All along I have been saying this is something that *compilers* should warn about. As far as I can recall, I never suggested using linters, sanitizers, changing the C standard - or even compiler plugins.

(I did suggest the linker as an alternative, but you all have already explained why that can't work for C.)
February 05, 2016
On Thursday, 4 February 2016 at 22:57:00 UTC, tsbockman wrote:
> The first place entry is particularly ridiculous; is there any modern language that would make it so easy to commit such an awful "mistake"?

D allows that. This is why I recommend putting `static assert(foo.sizeof == expectation);` in code that interfaces with external things, like C code, or D .di stuff.

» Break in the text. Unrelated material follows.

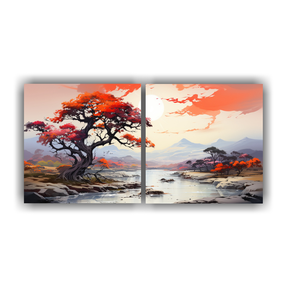 Decora tus espacios con el cuadro abstracto ‘Dos Telas Expresión Calma A Árbol de Acacia Rojo y Naranja’ de DecoCuadros Calidad y precios económicos Envío gratis en Santiago Diseño exclusivo y entrega rápida

#include <math.h> /* sqrt */

that line is an interesting one too: the trick is depending on namespace pollution by the include. In D, you might write `import core.stdc.math : sqrt;` and make that misleading comment part of the code.... though then you could perhaps exploit that module bug (314?).

February 05, 2016
On Friday, 5 February 2016 at 01:14:05 UTC, Adam D. Ruppe wrote:
> D allows that. This is why I recommend putting `static assert(foo.sizeof == expectation);` in code that interfaces with external things, like C code, or D .di stuff.
>
> #include <math.h> /* sqrt */

D *doesn't* allow that though - at least, not in a monolithic, idiomatic D program: there wouldn't be any duplicate declaration of `spectral_contrast()` to mess up.

Yes, you can force the matter using `extern(C)` like anonymous demonstrated earlier - but using `extern(C)` for internal linkage in an all-D program would certainly attract scrutiny from reviewers; it would score poorly on the "underhanded-ness" test.

As to the ".di" stuff - I've not used them. Care to educate me? How can they cause similar problems?

> that line is an interesting one too: the trick is depending on namespace pollution by the include. In D, you might write `import core.stdc.math : sqrt;` and make that misleading comment part of the code.... though then you could perhaps exploit that module bug (314?).

314 definitely has potential. Should we start an "Underhanded D" contest? Sounds like bad marketing, but a lot of fun :-P
February 04, 2016
On 2/4/2016 3:10 PM, H. S. Teoh via Digitalmars-d wrote:
> The C preprocessor accepts all sorts of nasty, nonsensical things.

The preprocessor makes C++ into an inherently unreliable, unsafe programming language. I've talked to some C++ committee members about this, about why there is no push to rid (at least deprecate) all use of the preprocessor. The general reaction I get is it is unimportant to do so.

February 05, 2016
On Fri, 05 Feb 2016 01:10:53 +0000, tsbockman wrote:

> All along I have been saying this is something that *compilers* should warn about.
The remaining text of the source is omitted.